Dzisiejsze toyoty z lepszym wyposażeniem i produkowane poza Japonia, sa dokładnie tak samo awaryjne jak inne. Toyota "walczy" z tym, bo wypuszcza 2-4 wersje wyposażenia i nie ma szans dobrać to co chcesz. Albo bierzesz jak stoi ...albo spadaj. Niestety czasy sa takie ze ludzie chcą coraz więcej i chcą mięć jakieś ciekawsze auta.

Moim zdaniem po Toyocie pozostał mit bezawaryjności i nadal chore ceny na samochody używane. Przecież te auta nie prezentują za dużo poza nazwą.

Swoją drogą poczytajcie panów z forum avensisa jakie mają kompleksy startu swoimi dieslami z dieslami w passatach i mondziakach :)

Żeby nie było całkiem OT to mój ecodriving ... zazwyczaj trwa pierwsze 5 km jazdy ... a później to już mi sie nie chce i jeżdżę normalnie :D.

PabloWPR
02-10-2009, 21:09
no to i ja napiszę o swoim spalaniu...
MKII 2,5 V6 to jak bym nie cisnął to palił ok 15L. Przy baaardzo kapeluszowej jeździe palił zaledwie 2 litry mniej więc nie miałem argumentów do eco d.

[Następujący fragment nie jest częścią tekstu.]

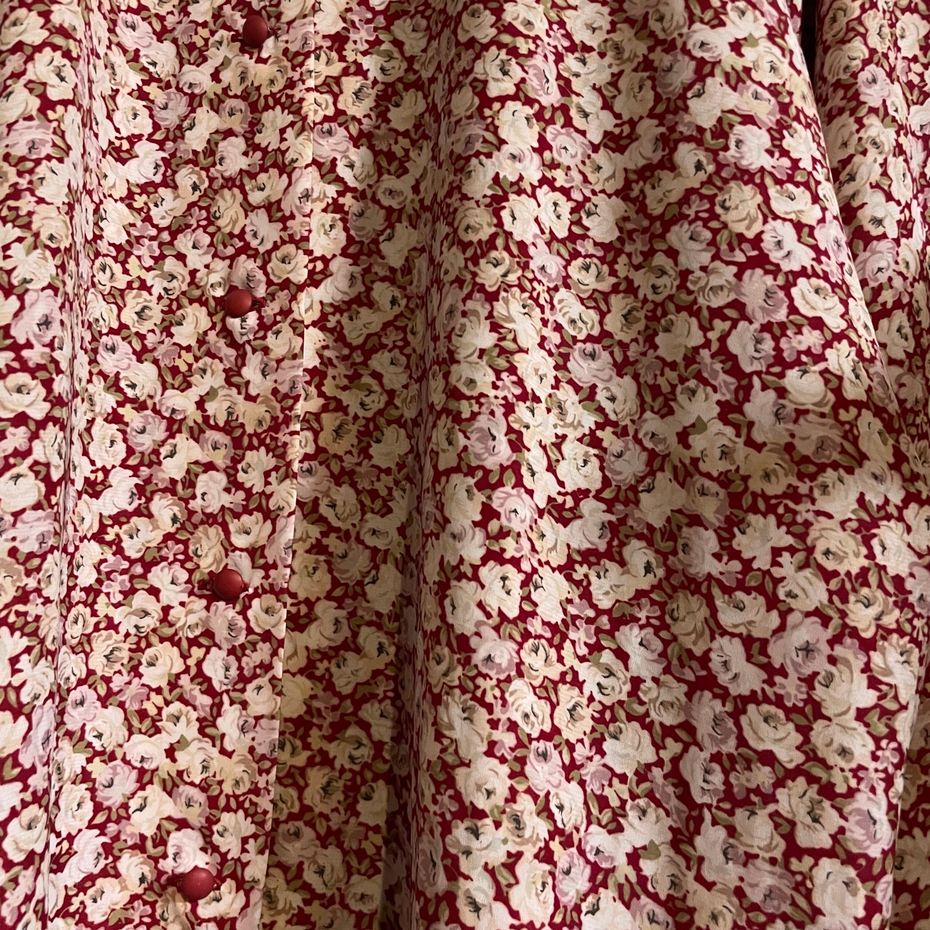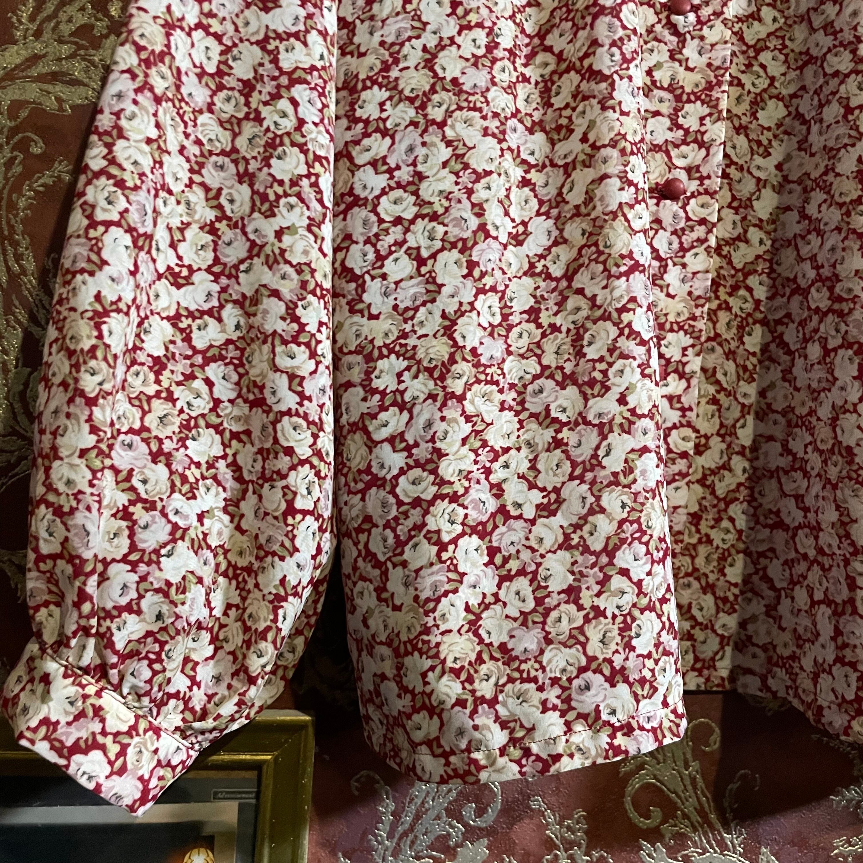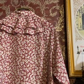 赤を基調にした白いバラ模様が魅力的なラッフルカラーのブラウスです。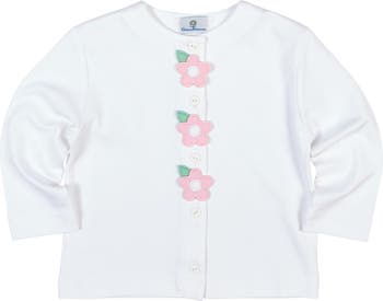 Lightweight and lovely, this white interlock knit cardigan is crafted from soft 100% cotton—perfect for layering on breezy days. Pink appliqué flowers add a touch of cheerful charm, while the button-front closure and long sleeves make it an easy, polished extra layer over dresses, tops, or rompers. A charming all-weather layer made for comfort, ease, and picture-perfect moments.

MKIII TDCi 130km palił coś ok 9L przy ostrej jeździe gł dojazdy w korkach do W-wy i po W-wie. No i mogłem zejść do 6L i nawet 5L, ale to już był masochizm.

MKIV 2.5T pali mi średnio 15L. No ale nie po to kupowałem z tym silnikiem aby nie korzystać z jego możliwości... Zwykle po zatankowaniu przejeżdżam ze 30-50km ze średnim ok 12L ale potem przechodzi mi eco d... i zaczyna się zabawa :)

To wszystko i tak malutko. Jeep pije średnio 25L/100 w trasie, a podczas upalania to ło matko ;)

Mariusz
03-10-2009, 23:02
No to i ja się dopiszę. Od ostatniego tankowania przejechałem ok. 200km i zastosowałem wg autora tematu eco-driving, czyli zmiana biegów przy ok. 1500obr/min. Max. prędkość 80km/h. I jakie mam spalanie: 4,7l/100km wg kompa. Wcześniej przy normalnej jeździe (praca- dom) 5,8 - 5,9l/100km, oczywiście też wg kompa w tym 7km po Częstochowie. Fakt jest taki: niezależnie, czy komp mi przekłamuje, zszedłem ze spalaniem o ponad litr. Czy warto, nie wiem? W każdym razie, wyrosłem już z deptania do podłogi, nie bawi mnie to, aczkolwiek miewałem takie dni, gdzie silniczek troszkę sobie powył (powinien od czasu do czasu dostać po garach).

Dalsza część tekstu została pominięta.